WHAT THE EXERCISE ASKS: Pictures appear among the records below and must be omitted. Repeat exactly the lines from the line with "(250812) -- CHENGDU, 12" to the line with "Mid section of", both included.

STUDY MATERIAL:
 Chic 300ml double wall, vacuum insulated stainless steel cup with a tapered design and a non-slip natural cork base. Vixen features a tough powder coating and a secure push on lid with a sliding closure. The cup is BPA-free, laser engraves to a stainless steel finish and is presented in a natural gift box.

---

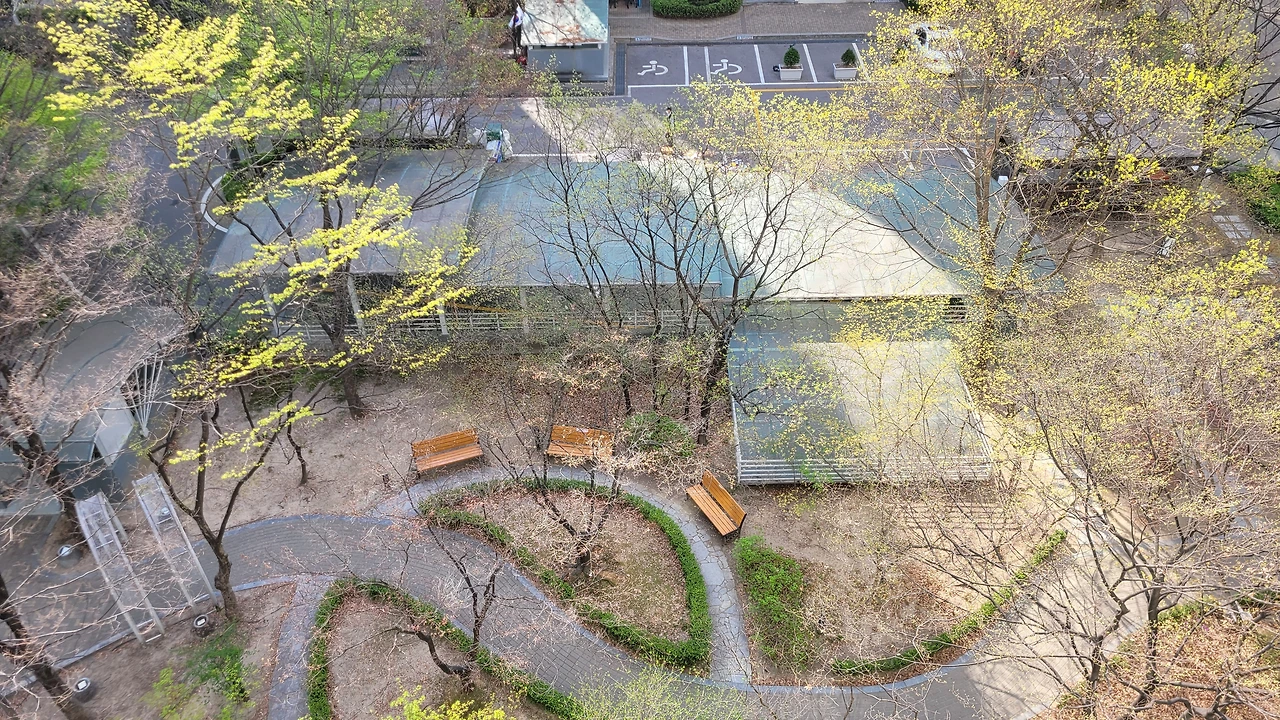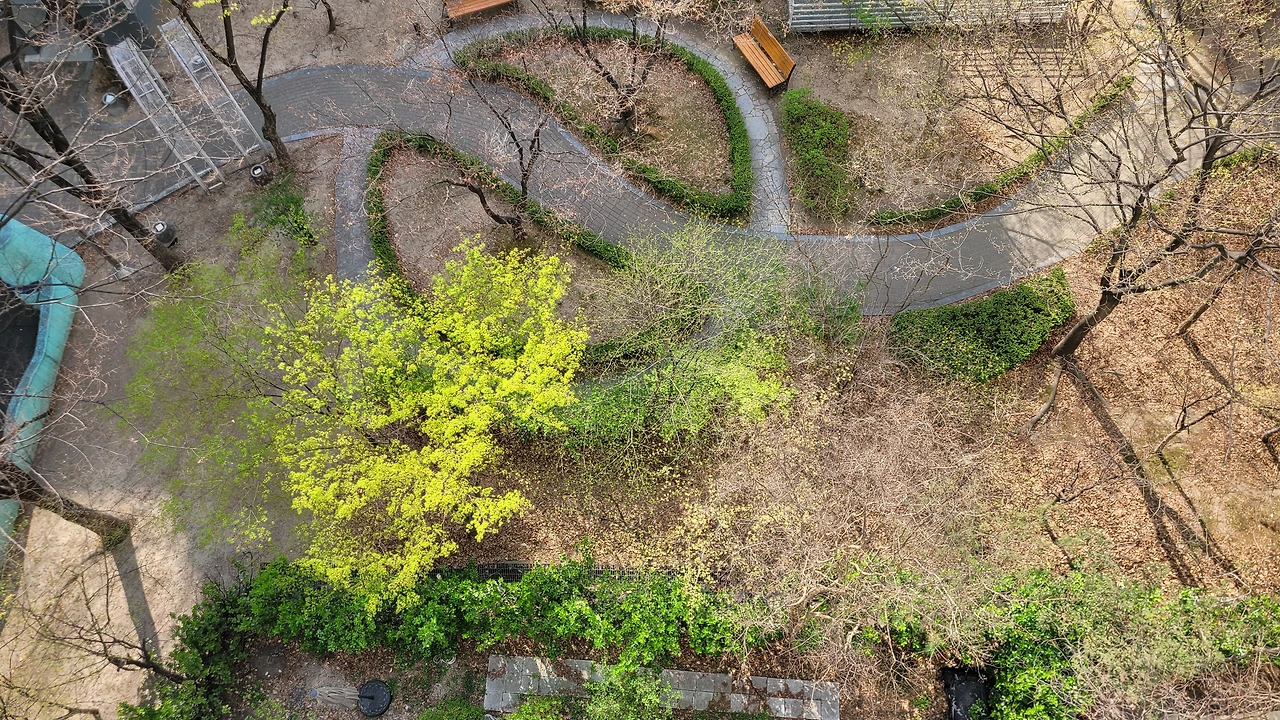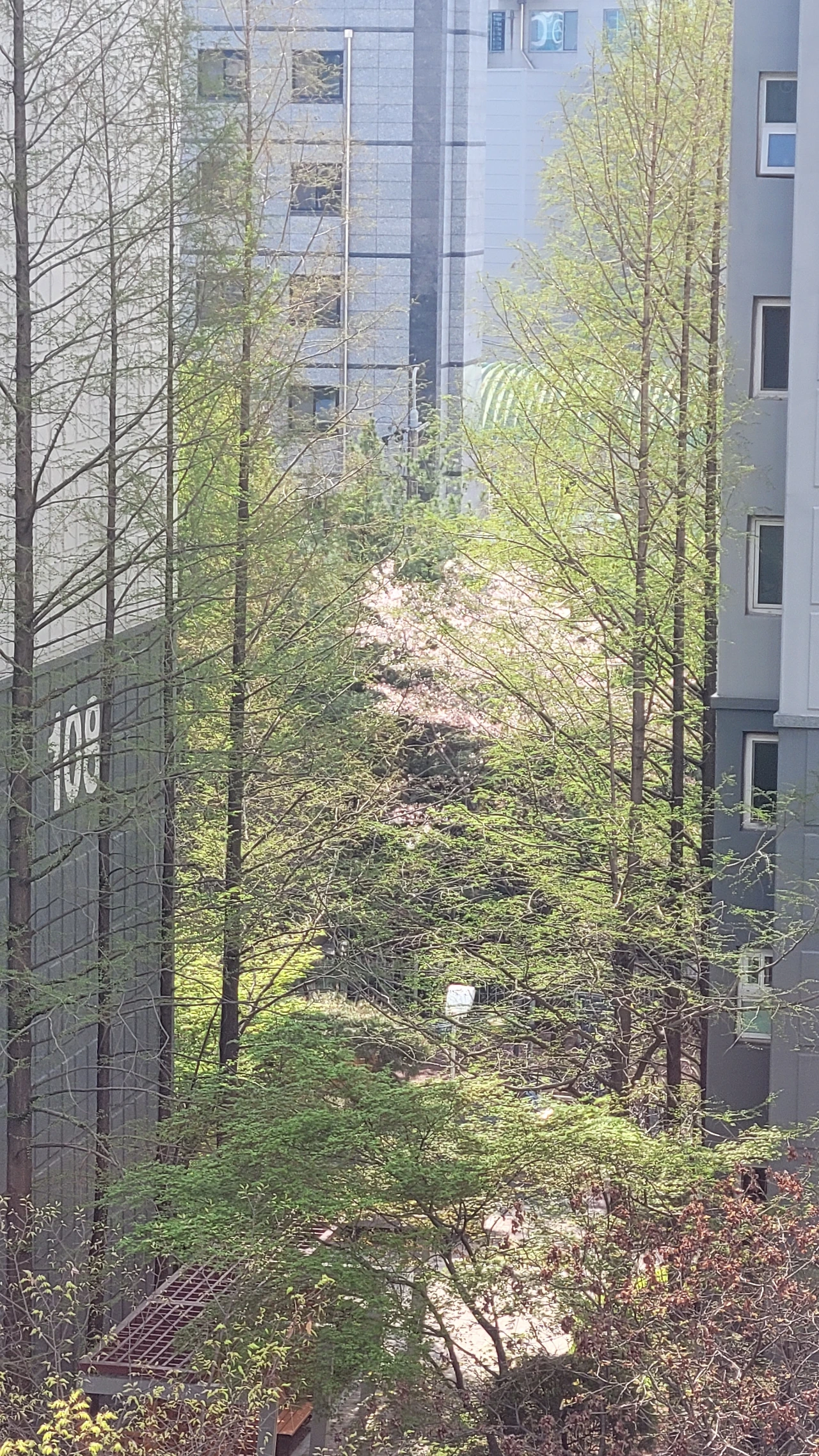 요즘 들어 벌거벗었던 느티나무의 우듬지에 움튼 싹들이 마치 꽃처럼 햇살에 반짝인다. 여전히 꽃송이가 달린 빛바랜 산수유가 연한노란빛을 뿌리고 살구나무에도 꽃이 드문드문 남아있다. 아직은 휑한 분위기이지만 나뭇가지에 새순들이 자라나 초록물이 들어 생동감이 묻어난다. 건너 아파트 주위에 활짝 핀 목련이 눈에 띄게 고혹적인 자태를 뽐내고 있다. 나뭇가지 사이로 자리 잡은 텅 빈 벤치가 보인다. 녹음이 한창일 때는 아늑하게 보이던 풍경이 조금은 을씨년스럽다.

* * *

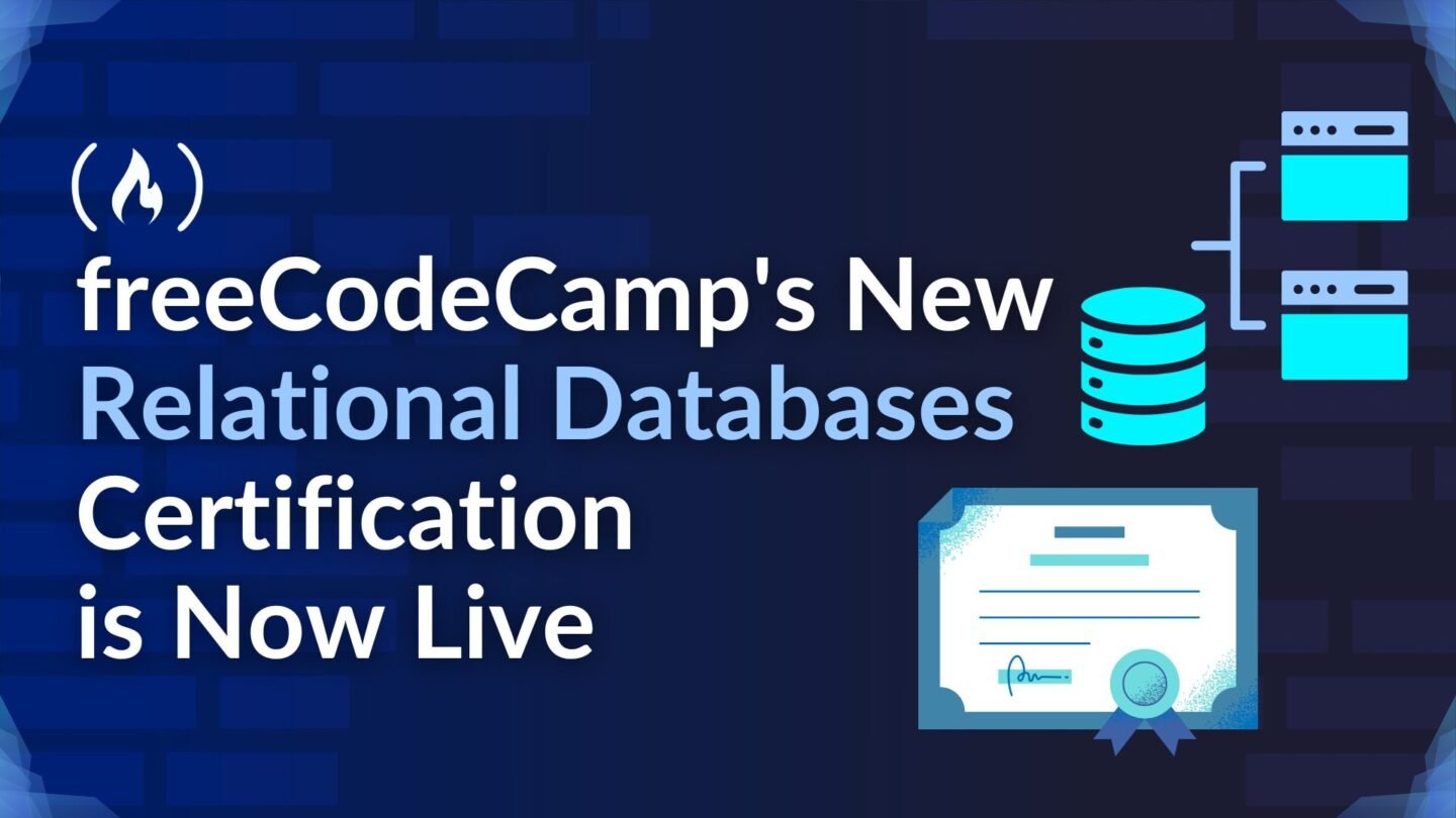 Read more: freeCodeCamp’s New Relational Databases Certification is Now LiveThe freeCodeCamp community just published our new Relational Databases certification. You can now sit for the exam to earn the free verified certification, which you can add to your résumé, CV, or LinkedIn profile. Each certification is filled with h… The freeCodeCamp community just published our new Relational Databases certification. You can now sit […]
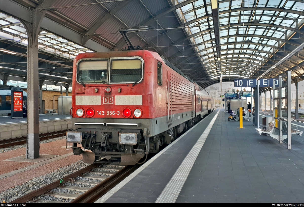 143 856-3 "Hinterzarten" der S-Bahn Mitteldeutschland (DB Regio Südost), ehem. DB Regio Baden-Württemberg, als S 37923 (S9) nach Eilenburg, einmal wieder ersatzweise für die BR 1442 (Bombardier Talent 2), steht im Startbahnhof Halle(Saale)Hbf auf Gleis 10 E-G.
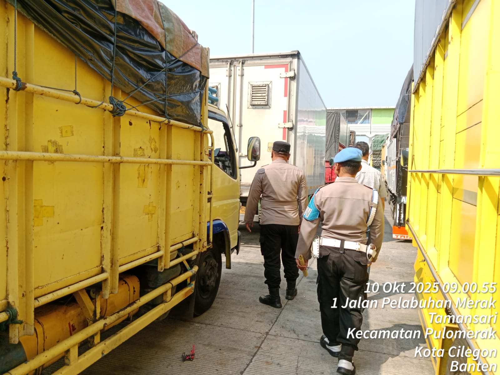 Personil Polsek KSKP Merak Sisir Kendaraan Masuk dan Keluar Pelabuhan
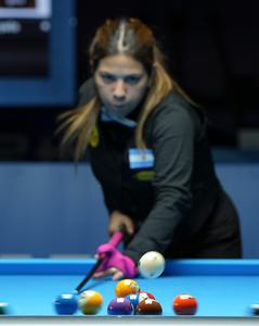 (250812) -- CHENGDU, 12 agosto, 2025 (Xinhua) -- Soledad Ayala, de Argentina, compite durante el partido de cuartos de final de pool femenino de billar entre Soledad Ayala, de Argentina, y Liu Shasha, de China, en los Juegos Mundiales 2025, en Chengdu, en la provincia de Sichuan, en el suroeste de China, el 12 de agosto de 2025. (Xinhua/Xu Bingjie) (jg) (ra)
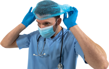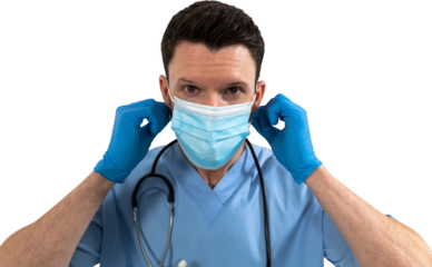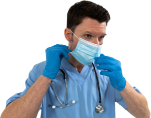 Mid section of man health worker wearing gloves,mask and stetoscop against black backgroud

PROBLEM SOLUTION:
 (250812) -- CHENGDU, 12 agosto, 2025 (Xinhua) -- Soledad Ayala, de Argentina, compite durante el partido de cuartos de final de pool femenino de billar entre Soledad Ayala, de Argentina, y Liu Shasha, de China, en los Juegos Mundiales 2025, en Chengdu, en la provincia de Sichuan, en el suroeste de China, el 12 de agosto de 2025. (Xinhua/Xu Bingjie) (jg) (ra)
 Mid section of man health worker wearing gloves,mask and stetoscop against black backgroud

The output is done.